Snoopy Tennis Game Main Title and Comic Book Panel. Source: Snoopy’s Tennis Book.

Adding industry key words to the search like “interactive” and “game design” produce a few links that list company incorporation details for Mermaid Studios Interactive registered in 2000 in the UK, with two potential leads — Brian Lau Tomczyk and Martin Jensen, listed as director and secretary respectively. Mr. Tomczyk doesn’t seem to have a profile on LinkedIn…but Mr. Jensen’s profile, down there below the fold of previous experience, between stints at Core Design and Shiny Entertainment has listed “Mermaid Studios Ltd — Technical Director”. The company name links out to that same random logistics company slash kids art studio, but the timeframe checks out to have potentially worked on Snoopy Tennis.

After sending out a shot-in-the-dark contact message, this response came back a day later:

MARTIN: Snoopy Tennis has a funny story behind it.

Then Martin shares this bit of trivia:

MARTIN: The game was created by 2 people — Brian and Me.

Two people made an entire Game Boy Color game with licensed IP for a major publisher.

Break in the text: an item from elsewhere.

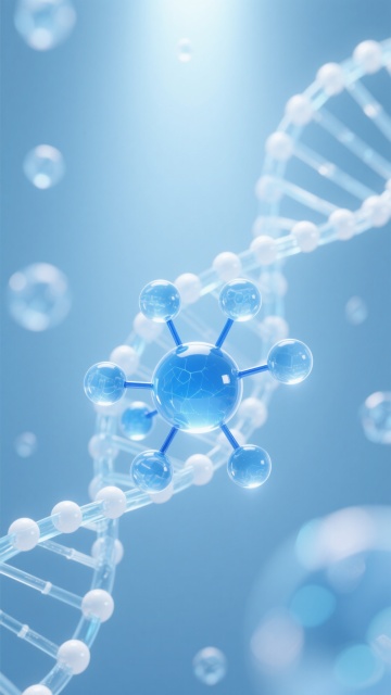 医疗科技感背景,高清写实风格,以蓝色和白色为主色调,柔和明亮的光线从上方照射,营造出洁净、专业、充满希望的氛围。画面中心可替换为不同形态的医疗场景元素,如:显微镜下的细胞结构、DNA双螺旋模型、手术器械特写、药剂师调配药物的手部动作、医学影像图(CT、MRI)的可视化呈现、疫苗研发实验室的精密仪器、医护人员身着防护服的背影、智能医疗设备的界面展示等。背景融入半透明的六边形几何图形、数据流线条、分子结构模型等科技元素,采用虚实结合的构图,前景元素清晰锐利,背景元素带有轻微的模糊和光晕效果,增强空间层次感和科技感,整体设计需保持信息传达的清晰高效,符合医疗行业严谨、创新、关怀的专业形象。
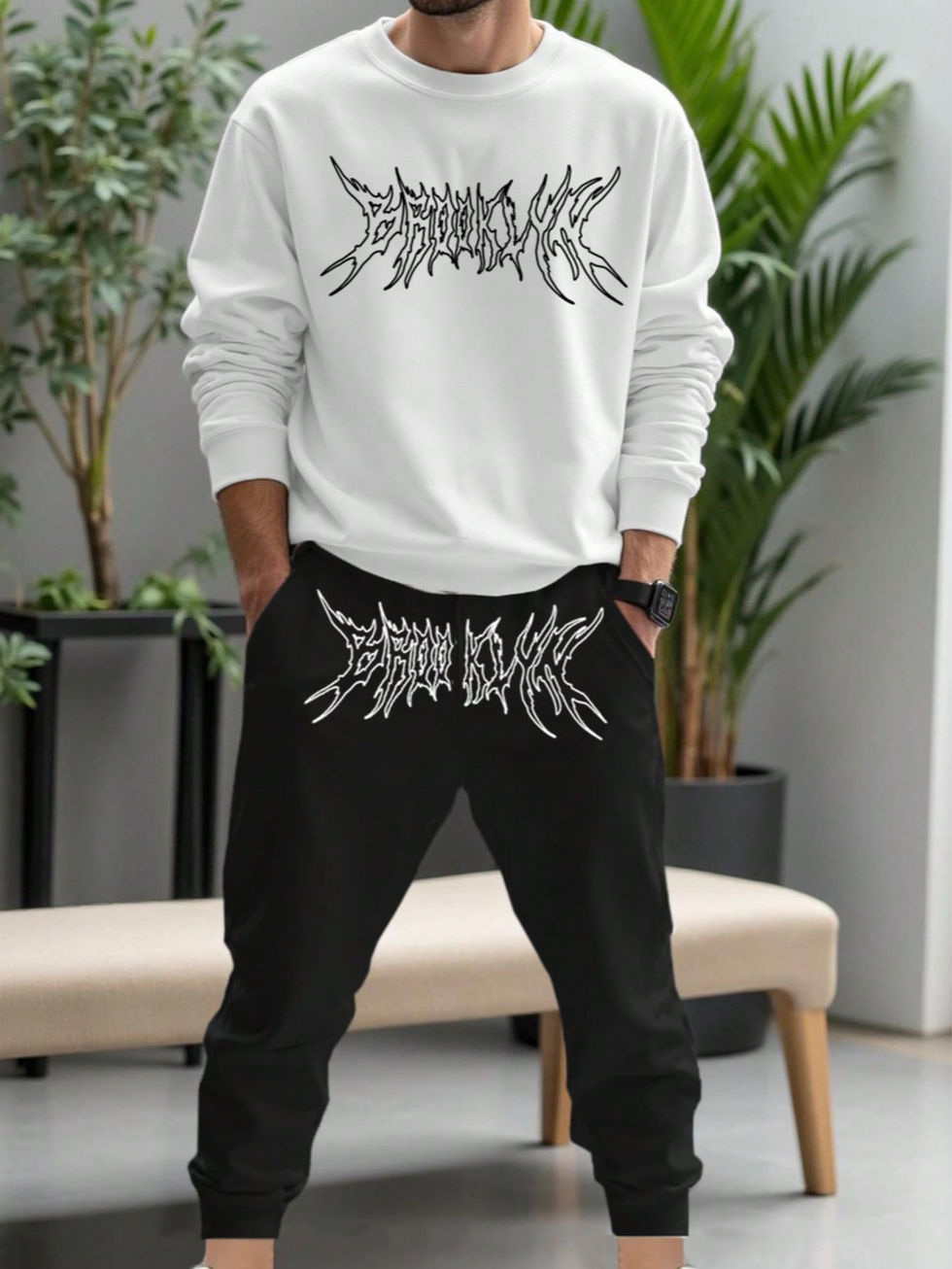 Conjunto de Moletom e Calça Estampados Masculinos, Conjunto Casual na Moda com

How in the world?

Martin was generous enough to track down and loop in Brian Lau Tomczyk and the story formally unfolds.

MARTIN: At the time we were working for a games company called Core Design Ltd based in the UK. We were kind of fed up with the job and decided to create our own game.

BRIAN: A two man team is still a little on the “light” side even for a Game Boy game, but Martin is basically the Chuck Norris of programming, and I’m not completely useless at doing graphics. So we set out to produce the greatest tennis game ever made.

The Snoopy Tennis character roster. Source: Author.

Introducing the key players

The Armadillo. Instead of naming their company after a French slang word for a male body part, founder Bruno Bonnell settled on the Armadillo as a symbol for their Société Anonyme company Informatique Programmes (“SA” — the French equivalent of an incorporation), condensed to Infogrames. “The armadillo has always survived changes to its environment, from the melting of glaciers to the worst of heat waves,” said Bruno at the time. At the turn of the century, having completed the acquisitions of a wave of other game companies, they were also in the midst of a licensing melee, announcing partnerships with everything from Looney Tunes to La Femme Nikita — actively hanging their future growth on licensed IP to drive market awareness and sales. Tucked in amongst the deals made was an agreement for the rights to release Peanuts related video game content.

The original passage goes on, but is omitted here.